Any input would be appreciated, and have a safe labor day!


----------



## BridgeMan (Sep 1, 2011)

Your plan sounds like you are making more work for yourself than required, with a potential for questionable results.

Do you have some good reasons for using "concrete brick" (we've always called them slump block) with a core of reinforced concrete, instead of a single member column, such as steel pipe? 

Trying to get good concrete consolidation inside of a brick shell won't be easy, and access for bringing concrete up to bear against the beam will also be problematic.
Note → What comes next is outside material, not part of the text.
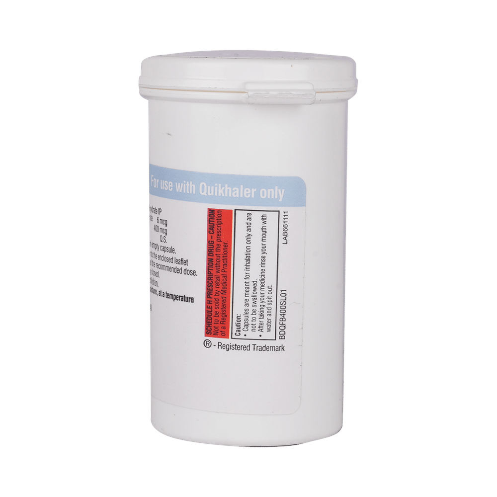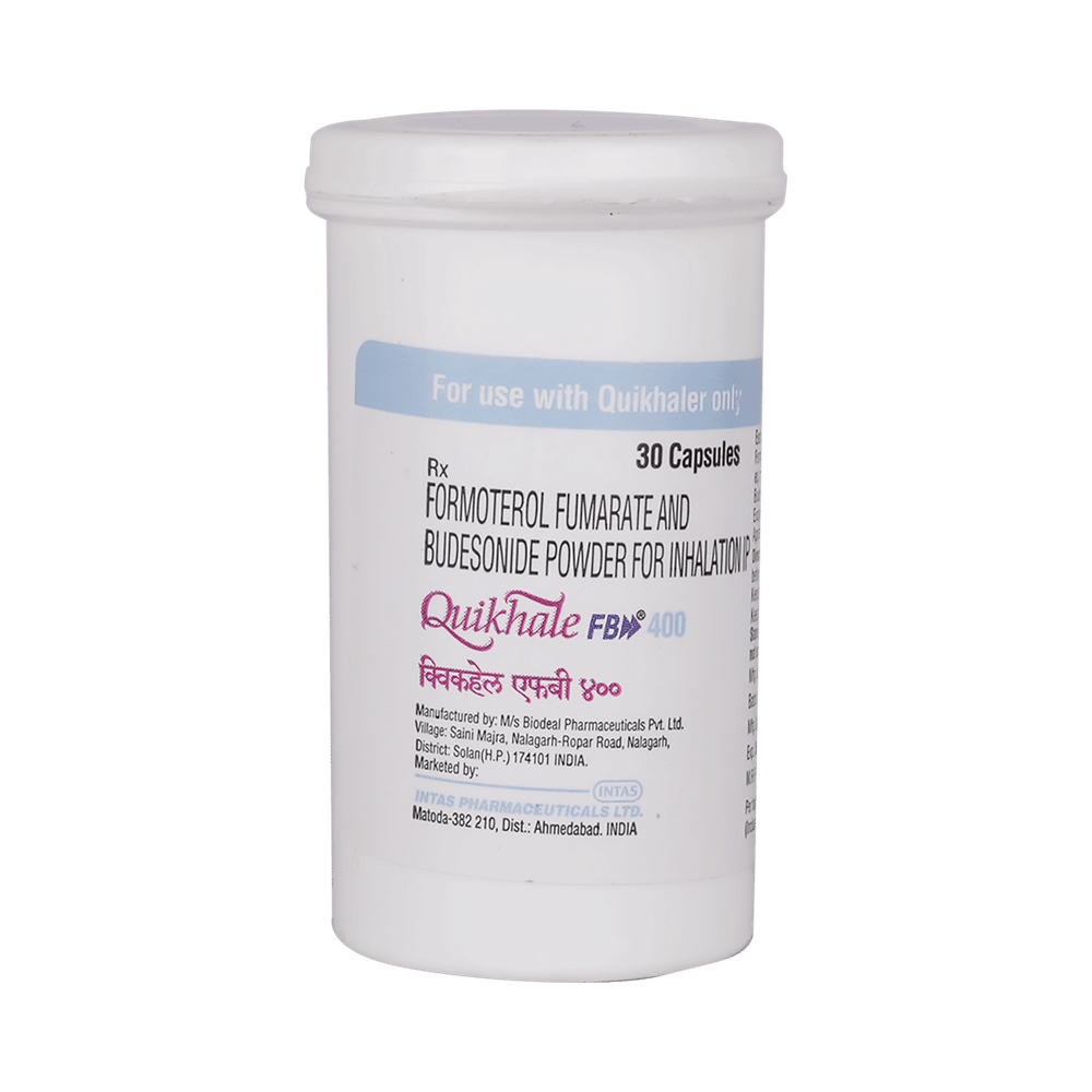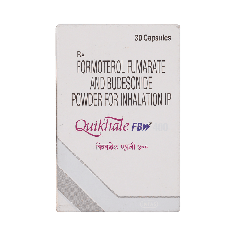 Quikhale FB 400 Capsule is a combination of two medicines in one inhaler. It relieves the long-term symptoms of asthma and COPD, making breathing easier. It works by inhibiting the release of certain chemical messengers that cause inflammation (swelling) and relaxes the muscles in the airways. Your doctor will tell you how often you need to use your inhaler. The effect of this medicine may be noticeable after a few days but will only reach its maximum after a few weeks. This medicine must be used regularly to be effective, so go on taking it even if you don't have any symptoms. That means it’s doing its job. If you stop taking it your symptoms may get worse. This medicine should not be used to relieve sudden shortness of breath. If sudden shortness of breath occurs, use your rescue inhaler. To get the benefit from this medicine you need to make sure you get your inhaler technique right, otherwise, it does not work as well.The most common side effects include headache, nausea, vomiting, stomach discomfort, and respiratory tract infection. If you get there, don’t stop taking it but do talk to your doctor. You can prevent some of these symptoms by rinsing your mouth and throat with water or brushing your teeth after using your inhaler. There are other, rarer side effects which can be serious. Talk to your doctor if you're worried about them.Before taking it, you should tell your doctor if you have any kidney or liver diseases so that your doctor can prescribe a suitable dose for you. You should also tell your doctor if you are pregnant, planning pregnancy or breastfeeding.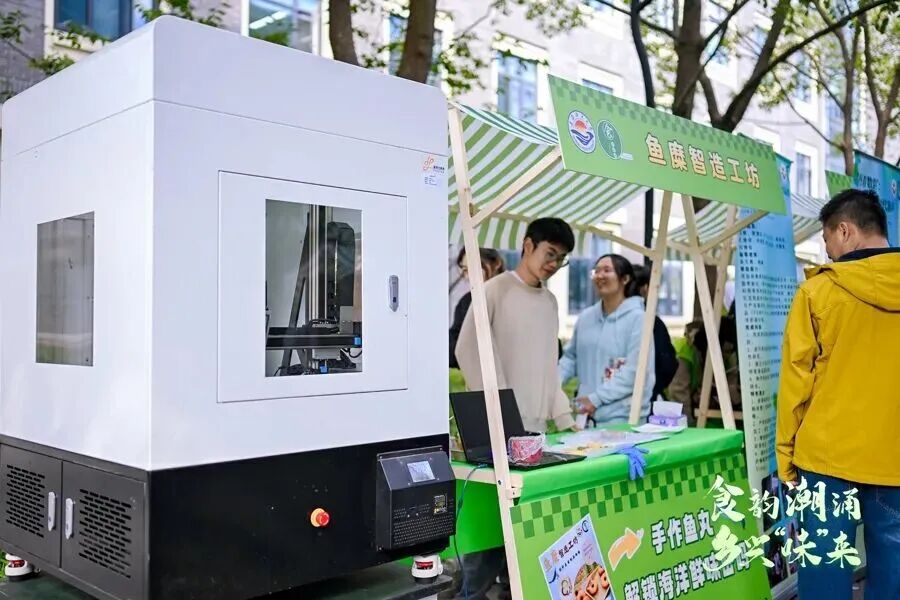 “利用食品学院在冷冻鱼糜制备、鱼丸及双色鱼糕制作方面的特色,我们构建了‘鱼糜加工’的模型,通过这台打印机制作的鱼糜产品,外观立体耐看,高蛋白又无刺,可以直接入口,有助解决吞咽难。”课题组成员、海大食品学院 2024级研究生葛宇琦、同级本科生何秦疆介绍。

Bottle jack/post idea is not the best, as it is more susceptible to buckling during setup and use, leaving you with some serious problems when it goes.
Much better to use a simple screw jack post, consisting of nesting pipes, with a top threaded steel pin and bearing plate.  Bought mine on sale at Home Depot for less than $20 each.  The double pipe arrangement makes them adjustable, using small steel pins that are included.

Quick and easy way would be to cut existing pipe at the floor (after weight is taken up by temporary support) using a large angle grinder, then shifting it to the desired location with a steel shim plate of appropriate thickness (half-inch or so), followed by welding the plate to the pipe. 

Entire operation could be done in a few hours, half a day at most.


----------



## shadetree (Sep 1, 2011)

Mostly cost, availability and ease of use. I can pick up concrete bricks for around 30 cents each and get the whole pillar built built for about $60. I have no welding equipment, nor a proper grinder (I use a friction disc on a circular saw for cutting metal). Austin also has few metal yards, and I didn't have the best of luck with them trying to find steel sheet to use as a radiant barrier when I was installing my wood-stove (built it with cinder-blocks instead). I also have brick support columns holding up my carport, so the brick here might look better too. I was planning on using concrete bricks, something like this 7-3/4 in. x 2-1/4 in. x 3-3/4 in. Concrete Brick-25100130 at The Home Depot Not the grey hollow cellular cinder-blocks. 

I didn't know you could use the jack posts to lift as well. That will save alot of headache as I was planning on buying a pair anyway! Something like Tigerbrand jack posts would work?


----------



## nealtw (Sep 1, 2011)

All lumber has a crush facter and if your house is 1 year old, what you see is what you get!  How big is the beam, what is it carriing and how big is the post? How do you intend to spread that load with your temp. support? If you are planning on moving the support post are you planning to underpin it? 
We do this work all the time and could plan it in my sleep and I alway have a plan, the one the on site engineer wrote.


----------



## shadetree (Sep 1, 2011)

The beam is 3 2x12s nailed together, it's 25ft long. The post is 83" from the foundation to the bottom of the beam and is 3" in diameter.

I wasn't planning on altering the slab below the post in it's new location as being only 5ft from the end of the girder, it would be carrying considerably less weight than it is now. I also don't believe the foundation is significant in any way directly under the post in it's current location; by looking at marks on the girder, the post seemed to originally be about 2 feet away from where it is now.


----------



## nealtw (Sep 1, 2011)

Where ever the post is it does carry 1/2 of the weight above. If you say it fast you would think tyhe post should be in the center of the beam. The question is how the house or roof is constructed above this area. The foundation is designed to take the load of the house. If you were to to dig it up you would find  extra sqaure of concrete at each end of the beam and a square of concrete where this post was to go. The floor cannot take this load with out extra support. Is the post bolted down and is there evidence of that where you think it was moved from. 
Evan if you find that, some one may have corrected an earlier mistake. 
You really need an engineer to look at the house.


----------



## shadetree (Sep 2, 2011)

The post in it's new position seems like it would be carrying less weight because most of the load would rest on the pillar that is going where the post currently is now (near the center of the beam). I'm planning on going from the 1 post that is there currently to 2. 

There is no evidence that the post was ever bolted down in either place. 

What information would an engineer be able to tell me?


----------



## nealtw (Sep 2, 2011)

He would calculate the weight of the house and the load barring on that post and how best to spread that load to do your temp lift without breaking the floor and if your second post should carry load or just be a dummy post.


----------